# Freezing butter and similar



## pacanis (Mar 10, 2008)

A while back I read here it was OK to freeze butter.  I bought several bricks on sale along with spreadable butter and have been taking them out of the freezer as needed. I was just thinking this past weekend..... you don't have to use it up any quicker do you, because it's been frozen?
Somewhere in my upbringing I was taught that anything that's been frozen needs used more quickly because of that and I don't know if that applies to butter or is even true of meats and other products.

What do the experts say? What does common sense say?

Thank


----------



## mudbug (Mar 10, 2008)

I freeze it all the time (got a coupla pounds in the slammer right now) with no ill effects.


----------



## pdswife (Mar 10, 2008)

So do I.   I've never had a problem.


----------



## Katie H (Mar 10, 2008)

I've been freezing butter for years and years and years, pacanis.  Right now I probably have 4 or 5 pounds of assorted kinds in my freezer.  I've never felt the need to use the butter more quickly if it's been frozen.  I have noticed no "off" qualities either.  Most of the time I use the butter up within a couple of months and I use it according to package date.  Oldest first.  Sometimes the butter will be frozen for up to 6 months, but that's rare.


----------



## Uncle Bob (Mar 10, 2008)

Me too!
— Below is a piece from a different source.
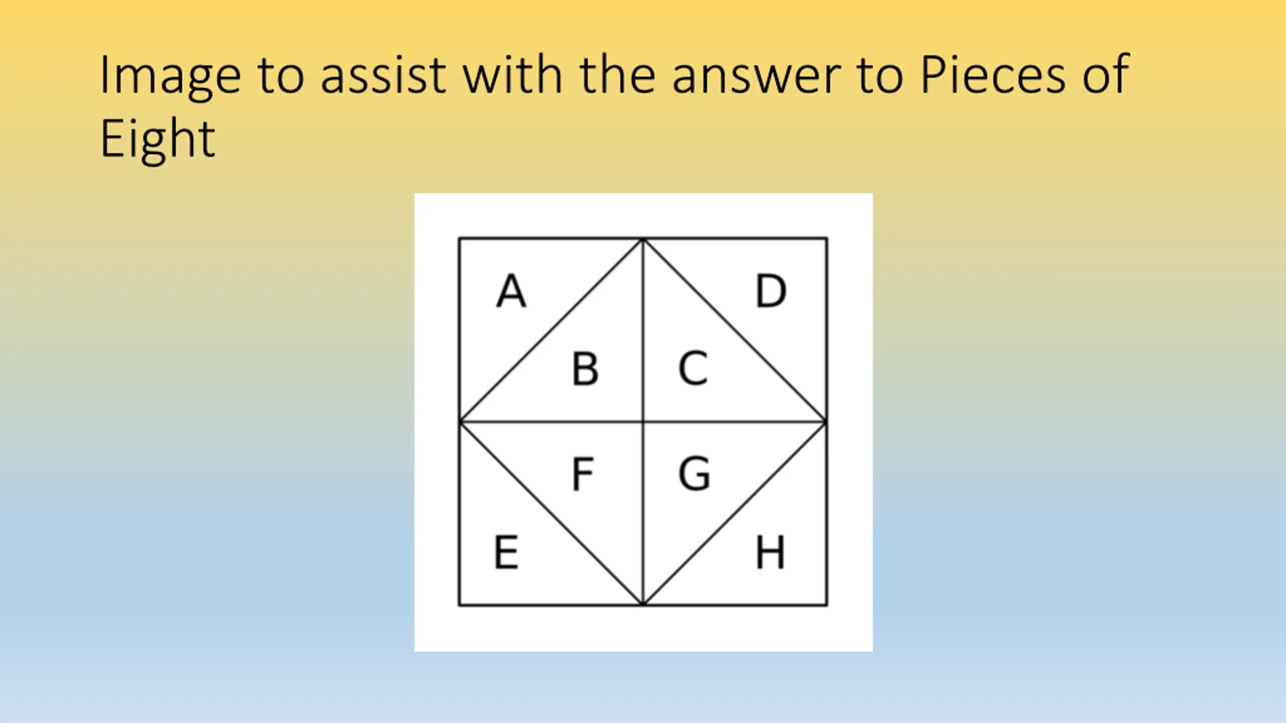 Year 9 & 10 High Achievers Year 9 & 10 High Achievers Pieces of Eight A square is divided into eight congruent triangles, as shown. Two of these triangles are selected at random and shaded black. What is the probability that the resulting figure has at least one axis of symmetry?

Me too! Pacanis just bake some cornbread and slather it on. Scramble some eggs in it....You'll be happy!!!


----------



## pacanis (Mar 10, 2008)

OK. I figured it must be OK, since I read it here.
So does that mean it's an old wive's tale that thawed foods need used up more quickly?


----------



## mudbug (Mar 10, 2008)

pacanis, common sense says that if you thawed it you must have a semi-immediate use for it.


----------



## Katie H (Mar 10, 2008)

Actually, pacanis, I think that if we simply observe using the oldest first of our foods stored in the freezer, we all should be fine.  I try to use things up within a couple of months of being put into the freezer.  As a result, Buck and I (about every 3 months) "eat down" the freezer for our meals.

In addition to being easy on the cook and the budget, the freezer gets a bit of a clean out.

Now, having said what I said, we have to be sure we've stored our foods securely/properly before they're put into the freezer.  Poorly wrapped/contained food will definitely show signs of flavor, texture, etc. damage.

As long as we practice proper containment and use things up in a timely fashion, our freezer can be our best friend.


----------



## pacanis (Mar 10, 2008)

mudbug said:


> pacanis, common sense says that if you thawed it you must have a semi-immediate use for it.


 
It does? 
It's not like I'm going to be using up a couple sticks baking something one day and melting the other two to dunk seafood in the next. It can take me a while to use up a butter product, especially two butter products, but not so long that I want to thaw only one stick at a time.


----------



## fireweaver (Mar 10, 2008)

i think that whole "use it up quickly" thing is most concerning meats...which are the most commonly frozen items (as in, fresh frozen at one's house, not counting packaged frozen goods).  meat, once thawed, shouldn't be re-frozen as the quality does deteriorate, and so if you're going to thaw it you'd better use it soon.

since butter can sit in your fridge for a good long time anyway without spoiling, i don't see any kind of need to use it up immediately once it's gone from freezer to fridge.


----------



## Andy M. (Mar 10, 2008)

I don't think freezing reduces butter's post thaw life span.  I defrost no more than a pound at a time and often half a pound at a time.  It doesn't take a long time to get buter from frozen to refrigerater temp.


----------



## pacanis (Mar 10, 2008)

fireweaver said:


> imeat, once thawed, shouldn't be re-frozen as the quality does deteriorate, and so if you're going to thaw it you'd better use it soon.


 
Awww, that brings up something else I had forgotten to ask....

I took some of my previously frozen spreadable butter and used it to butter a roll and sprinkle some garlic powder on.  I then wrapped the roll up in foil and stuck it in the freezer for some future garlic bread.
Is it OK to refreeze butter products?


----------



## jpmcgrew (Mar 10, 2008)

I also freeze butter with no problems especially when it's on sale that way you can stock up. I also rotate all my stock whether it's freezer, pantry or fridge.


----------